If you’re on the Cape or anywhere near, you know we have a very famous visitor here–a young black bear! Everyone’s talking about it and the jokes and stories are multiplying faster than mosquitoes around here. This guy is on the move and was noted in Brewster early yesterday morning. Well, it just so happened that my daughter, grandson and I were also headed to Brewster yesterday morning and yes, we were pretty excited about maybe seeing the bear along the way.

We were headed to the Cape Cod Museum of Natural History and when we got there we found we were far from alone. A news helicopter was overhead, people with cameras and binoculars were everywhere and down the road were police cars and other official cars from various agencies charged with checking out the bear and keeping people safe.

Behind this scene were several dozen people scanning the marshes and nearby woods.
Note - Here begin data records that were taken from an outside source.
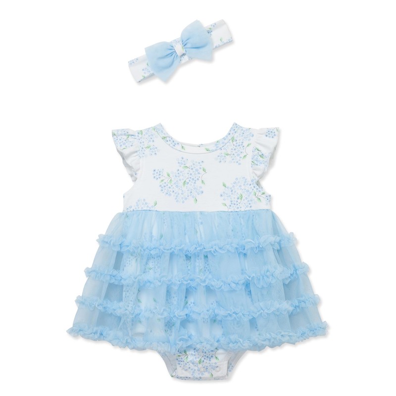 - Your little hydrangea honey will look heavenly in this newborn baby girls' hydrangea mesh popover and headband set! Little Me creates unique clothing that celebrates those fleeting years when newborns transform into young toddlers. Our products let little ones be little, whether they are napping, throwing cereal on the floor, or crawling through deliciously muddy grass.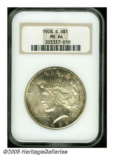 <B>1928-S<S$1> MS64 NGC.</B></I> Frosty and lustrous with light peripheral iridescence. This is a scarce date that is elusive in the higher Mint State grades. In fact, NGC has only certified 36 examples in higher grades than this one.<BR><I>From The Stig Ericsson Collection.</B></I>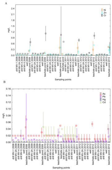The content of HMs in groundwater and leachate can be evaluated from several perspectives both as the mean values for individual years (Figure 3) and as the mean values for the whole period of monitoring (2008–2013) (Figure 4A,B). The measured values revealed several results. Firstly, more profound concentrations of HMs (Figure 3A) were found only in Ni, Zn and Cr, with the values regularly exceeding the limit of 0.1 mg L−1, which could be considered significant with respect to the sensitivity of methods used. Other HMs such as, Pb, Hg and Cd (Figure 3B) were most of the time present in very low concentrations < 0.07 mg L−1. Secondly, no significant differences (P < 0.05) were observed among the respective monitoring drill holes (Figure 4), only between all drill holes and the LP. Thirdly, neither the date nor the year of sampling had a significant influence on the concentrations of the selected HMs in the samples. This was also corroborated by the ANOVA results (Appendix A Table A1 and Table A2) which did not indicate any significant differences. The measured values showed only partial differences between the individual drill holes and the well. By contrast, the concentration of HMs measured in the LP reached demonstrably (P < 0.05) the highest values.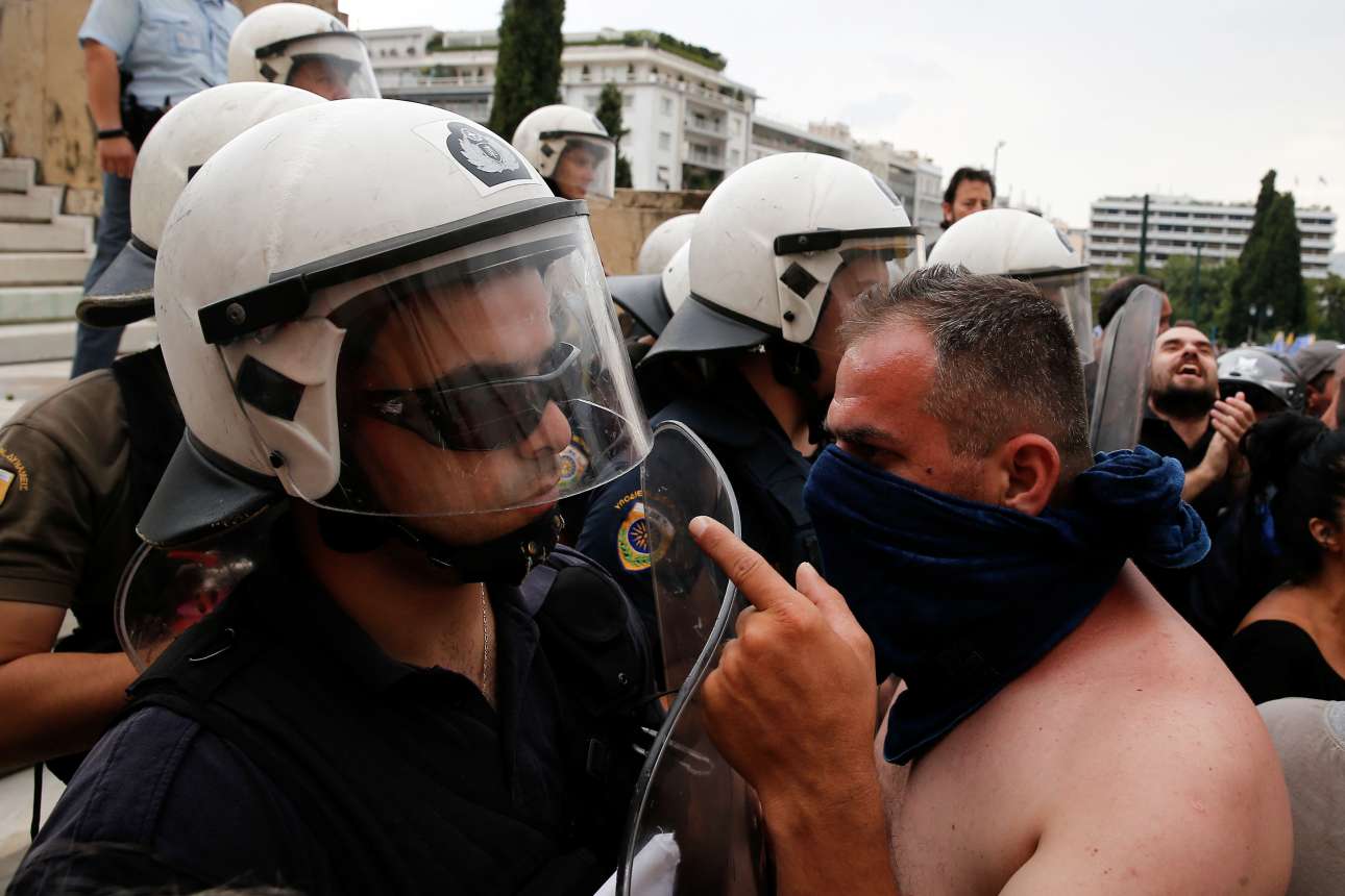 Τα ΜΑΤ εμποδίζουν τους διαδηλωτές από το να εισβάλουν στον περίβολο της Βουλής

This was taken at the corner of Paine’s Creek Rd. and Rt. 6A. Everyone was in a happy, anticipatory mood and I couldn’t help but feel that this little bear has made a lot of people happy. For all the chatter about how disconnected from nature we all are this moment proved that really, people want to be connected to nature. They are even a bit excited about it. Now, will these same people be excited 10 years from now if bears actually begin to repopulate the Cape? That’s another story. I remember when people were excited that coyotes were here back in the beginning. These days very few people are excited about coyotes and in fact many actually hate them.

In the end none of us saw the bear….

But over the past week we’ve seen lots of other things like this lobster shedding its shell in an aquarium at the museum…

or these lovely Jack-in-the-pulpit flowers in East Sandwich

or beautiful scenes like this one at Sandy Neck

One day this past week I even was witness to a wild swarming of winged carpenter ants that came and went in a matter of hours.

So……no bear photos but a great week to be outside nonetheless!